Although often relegated to somewhere in the middle of the plan, such IP can often be a focal point of attention. The information you disclose, and the manner in which you disclose it, can have a tremendous impact on the effectiveness of a business plan.
Realize that these tips apply to the "patent savvy" members of any audience you encounter. Whether they will have a similar impact on other, less patent-focused, investors cannot be predicted or ignored.
Very Impressive Items To Include
- Issued patents and/or federally registered trademarks. Reaching both of these stages can require a considerable investment of time and money. It implies that you have been at it for quite a while, and have attained some level of success and certainty. It also means that potential investors (or others) will typically have ready access to the actual issued patents or trademark registrations, as well as to copies of the related government files.
- Conveying the sense that potentially "blocking" intellectual property or ownership rights of others (including competitors or past employers) have been considered, identified and dealt with. There is a fine line between making it clear that you have identified and considered potential concerns along these lines, and the unnecessary (and potentially counterproductive) discussion of just what those concerns might be.
Somewhat Impressive
- Pending patent applications to protect your technology. Pending applications raise some of the risks described below (in that they provide no certainty that patents will actually be granted), as well as some of the benefits alluded to above (confirmation that IP protection is at least in the works and that "priority" dates have been established).

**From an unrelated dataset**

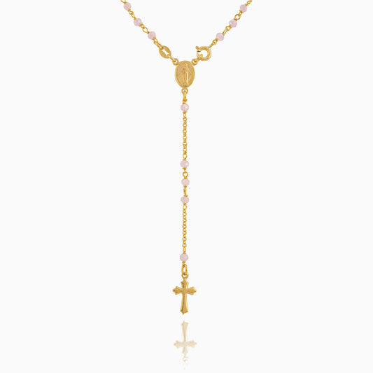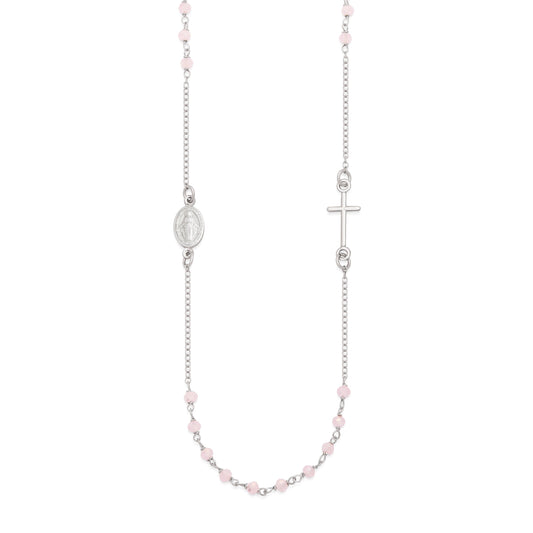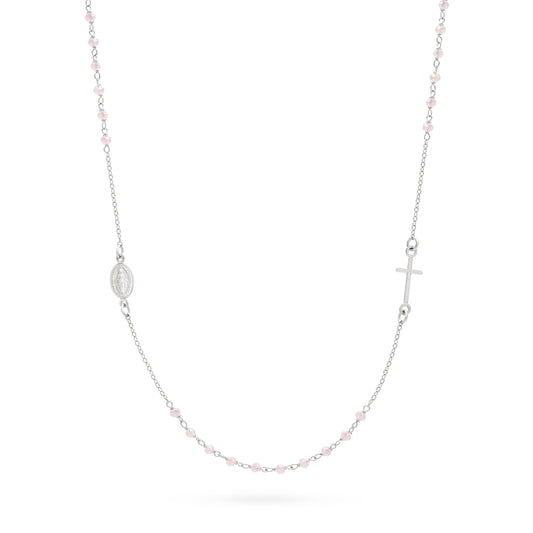 Collar Rosario De Plata Con Cuentas Rosa Claro

- Work with a reputable law firm and capable attorney. Skilled patent readers can typically sense (and may in turn place a value on) the style, temperament and competency of your patent counsel.
So-So
- Pending patent applications happen to be provisional, nonprovisional, or international. Most applications evolve through these stages; therefore explaining the current status typically only provides the reader with an unnecessary roadmap of your IP position. While applications that are further along this path may be more impressive, revealing that others are not may work against you in a variety of unexpected ways.
- Sheer number of applications. The number of pending applications, or issued patents, may be impressive, but can often be misleading. A single original application can easily be "cloned" by filing and re-filing it in the form of many "continuing" applications, each one of which may issue as a separate patent. Still, some investors might be more impressed by the fact that you have 10 issued patents (albeit to minor improvements, or of narrow scope) than they are that you have a single issued patent (with claims of broad and diverse scope, and covering a variety of categories).
- Applications for devices or methods. Most well drafted applications will set the stage for protecting the key device or method itself, as well as for all other conceivable categories of claims, including methods of using and making the device, key components, precursors, intermediates, and so on.
- Actual filing dates of your applications, or the status of various 'office actions.' This information tends to be both unnecessary and quickly outdated as the patent and trademark applications evolve through their normal stages.
- Trademark 'registrations' in any particular state. State registrations provide considerably less protection than is provided by the Federal government.
Downright Scary
- Conveying the sense that you have not yet considered potentially blocking rights of others, or that you have done a search and found nothing anywhere close to what you have. There is always something "close" in the patent literature. The fact that you have not found it and dealt with it, or haven't yet looked for it, is not likely to be reassuring.
- Applications that have not yet been filed (regardless of your intent to do so, or the number of 'inventions disclosures' you may have prepared). The patent and trademark system is built on establishing "filing dates," therefore convey instead that you have drawn your own lines in the sand by establishing filing dates, even if your inventions are preliminary in nature and your potential for protection uncertain.
- Foregoing IP protection because such things "couldn't possibly be patentable" or patents can't really be enforced against the big guys. While you may indeed be up against the world of intellectual property Goliaths, remember that when properly prepared and positioned, even David could win.